Boston Street Commissioner
- In office February 4, 1896 – February 1, 1900
- Preceded by: Bertrand T. Wheeler
- Succeeded by: Bertrand T. Wheeler

Personal details
- Born: October 15, 1861 Boston, Massachusetts
- Died: January 18, 1912 (aged 50) Boston, Massachusetts
- Party: Democratic
- Alma mater: Harvard College

= Benjamin W. Wells (fire commissioner) =

American fire commissioner (1861–1912)

Benjamin Williams Wells (October 15, 1861 – January 18, 1912) was an American government official and political activist who served as commissioner of the Boston Fire Department.

==Early life==
Wells was born in Boston on October 15, 1861. He attended Hopkinson's School and graduated from Harvard College in 1884. In 1886 he joined E. Williams & Co., a Boston shipping firm involved in trade in South America and Dutch Guiana. In 1890 he founded the United States Fire Signal Company, a private automatic fire alarm service. He was the company's general manager until it merged with an older firm to become the Boston Automatic Fire Alarm Company, where Wells worked as treasurer.

==Politics==
Wells volunteered for a number of Democratic campaigns. In 1890 he joined the Ward 11 Democratic City Committee and was elected secretary of Young Men's Democratic Club. He became chairman of the both organizations in 1894. For many years he was Ward 11's representative to the Democratic state committee.

==Government service==
On January 27, 1896, Wells was nominated for superintendent of streets by Boston Mayor Josiah Quincy. He was unanimously confirmed by the Board of Aldermen on February 3, which The Boston Globe described as an "unusual complement". He took office the following day. In October 1899, Wells was appointed acting water commissioner after John R. Murphy resigned to enter that year's mayoral election. Republican Thomas N. Hart won the election and Wells was replaced as commissioner on February 1, 1900.

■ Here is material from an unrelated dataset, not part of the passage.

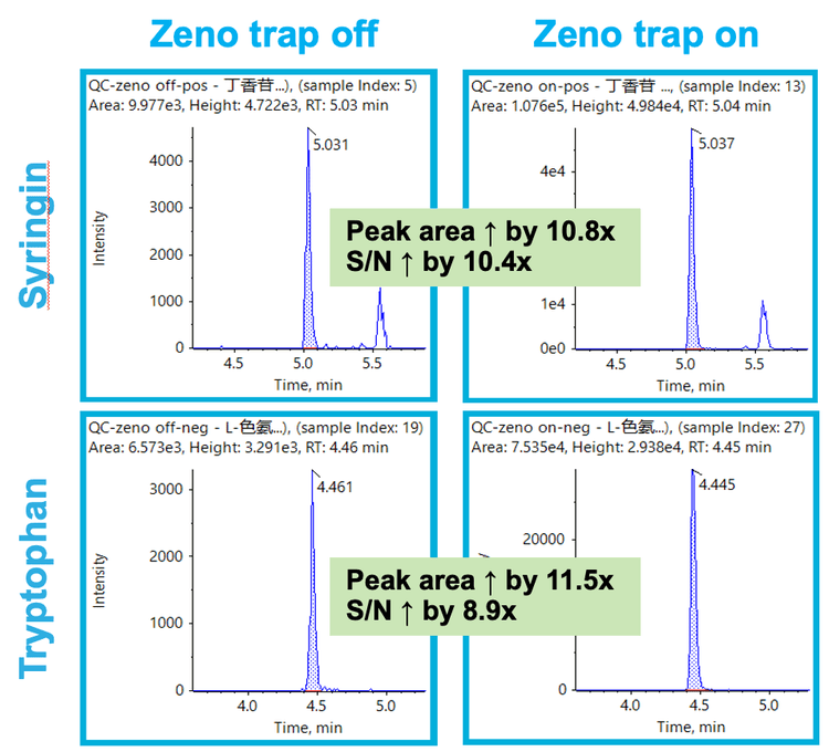 Figure 3. The intensity of the analyte peaks for syringin (positive) and tryptophan (negative) in the MRMHR XIC increased by a factor of >10 when the Zeno trap was turned on.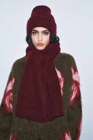 ZARA ОДНОТОННЫЙ ТРИКОТАЖНЫЙ ШАРФ, БУРГУНДИ

In 1905, Wells was appointed commissioner of the Boston Fire Department. He succeeded acting commissioner Patrick J. Kennedy, who took over the department following the death of Henry S. Russell. Republican George A. Hibbard was elected in the 1907 Boston mayoral election. In January 1908, the finance committee of the board of alderman issued a report which contended that during the tenures of Daniel A. Whelton and John F. Fitzgerald, political influence affected appointments to the department and that the "malign influence of politics" was interfering with its efficiency. On January 30, Hibbard wrote to Wells that he was "strongly of the opinion that the organization of the fire department at the present time is sadly lacking in discipline" and requested his resignation. Wells objected to Hibbard's criticisms and refused to resign. Later that day, Hibbard removed Wells from office "for the good of the service" effective the following day. He was replaced by Samuel D. Parker.

==Later life==
After leaving the fire department, Wells worked in the real estate business. On January 18, 1912, he went to the Puritan Club after several days of illness. After exiting his vehicle, Wells collapsed and died of heart disease. His funeral was held on January 20 at the Arlington Street Church with a number of political figures and members of the fire department in attendance.